I compare PAW, pyRoot and ROOT.
I plot for example “the highest pT electron candidate” of my tuple.root (cwn-like ntuple).
PAW-speaking, I use “n/pl 1.mypT.f” , where mypT.f is a short fortran function starting with “include ?”
With pyRoot, the command are rather simple too:
"python Myplot.py"
where Myplot.py is the following file:
[code]from ROOT import TFile, TH1D, TCanvas
f= TFile(“jpsikstBrunelv30r14.root”)
t = f.Get(“1”)
h1 = TH1D(“P_{T} MCID=11”,"",100,0,5)
nentries = t.GetEntries()
for i in range(nentries):
t.GetEntry(i)
pmax = 0.
for j in range(t.N):
if(abs(t.MCID[j])==11 and t.P[j]>5. and t.Pt[j]>1.2):
if(t.P[j]>pmax):
ptmax = t.Pt[j]
if(ptmax>0.):
h1.Fill(ptmax0)
h1.Draw()[/code]
With Root, I use MakeClass
pyRoot is nice an elegant, but 7 times slower than ROOT to make the same plot !!
It’s a pity that a plot as simple as the above one take 40 seconds to be done.
There is certainly a way to speed up the above code ?
Do I have to abandon pyRoot for ROOT ?
I already read suggestions on this forum which do not solve this cpu problem yet.
not sure which other things you have already tried, and not sure which ROOT release this is, but lookups of members in python are slow in inner loops, and if this is a recent version of PyROOT, then the results of the lookups are not cached.
just in front of the “for j in range(t.N):” loop, and using those variables
instead of lookups every time, would arguably help quite a bit.
I have to find a way of caching, but what I had originally did not suffice in all situations. As well, I should reorder the way that index checking is done. In both cases there are today too many function calls for what in C++ or Fortran is basically direct addressing.
that’s on the one hand good, but on the other hand this is performance that I’m leaving (unnecessarily) on the table. Iow., I have my work cut out for me.

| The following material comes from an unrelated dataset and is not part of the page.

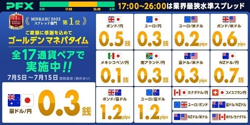 概要:パートナーズFXにおいて、17:00~26:00(ゴールデン マネパタイム)の時間帯は「豪ドル/円0.3銭」、「ユーロ/米ドル0.2pips」をはじめ、全17通貨ペアでスプレッドを縮小し、業界最狭水準スプレッドを提示いたします。原則固定 (例外あり)

PI had something in the past: a wrapper function that given a TTree instance would create all the proper accessors in python, rather than the on-the-fly creation that I’m doing now. That earlier approach avoided caching problems, but I’m not sure of its performance. An old example is here http://cern.ch/PI/Examples/PyAIDAProxy/examples/readTree.py, see PyListOfLeaves, which can further be prettified using properties.
In practice, I prefer accessing and lookups, b/c once I have the performance down proper, it allows for automatically reading only those branches that are actually used.

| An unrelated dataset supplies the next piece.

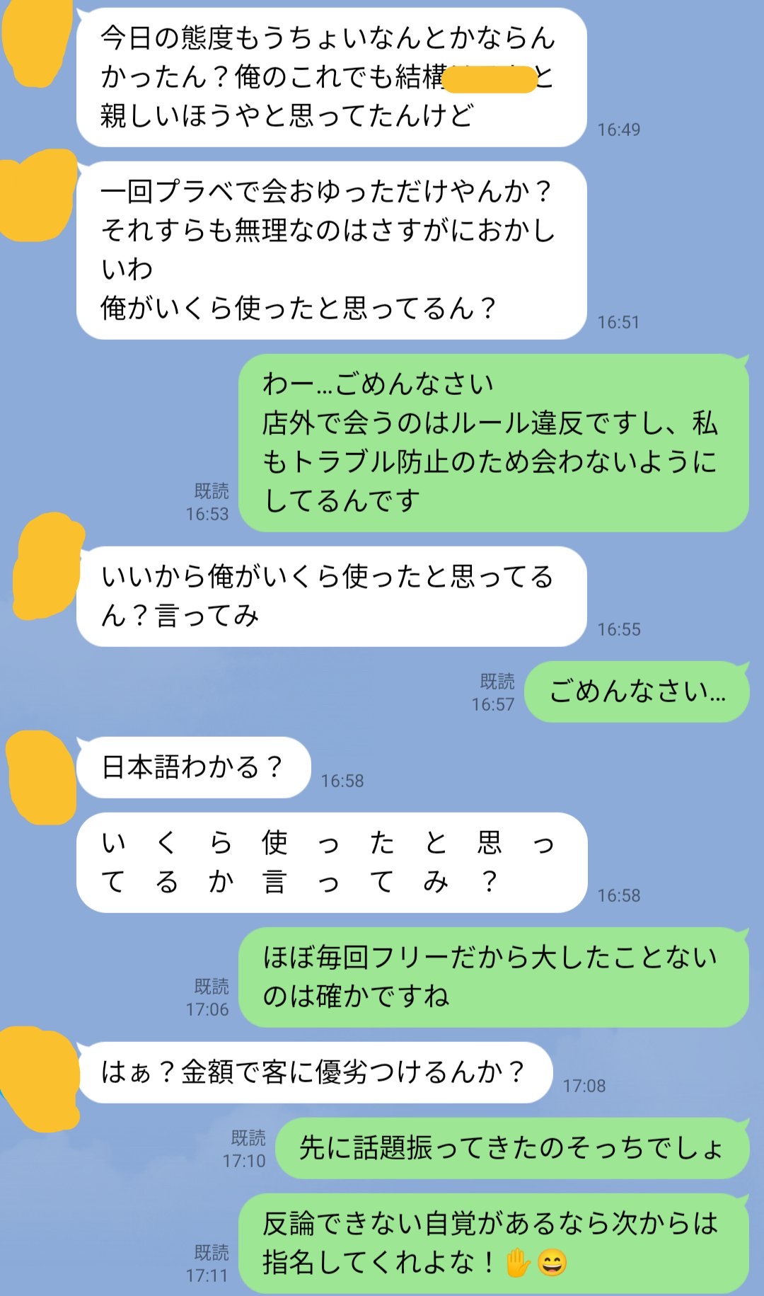 Twitterで #クソ客のいる生活 ってタグ漁るの好きなんやけど、このLINEしてる嬢は断トツで気が強くて見応えあるわ

Not that I’m aware of, but I can imagine a toolkit can be built for that purpose, using overloading of | and &, along the lines of TCut.
As a note, this feature is also available in ROOT:
t->Draw("mypT.C")where mypT.C is a short C++ that can use directly the tree variable names and (by default) whose return value will be histogrammed. This uses TTree::MakeProxy which is similar to MakeClass/MakeSelector but support accessing C++ object (in the Event in the TTree) and support autoloading.
Iow., I have my work cut out for me.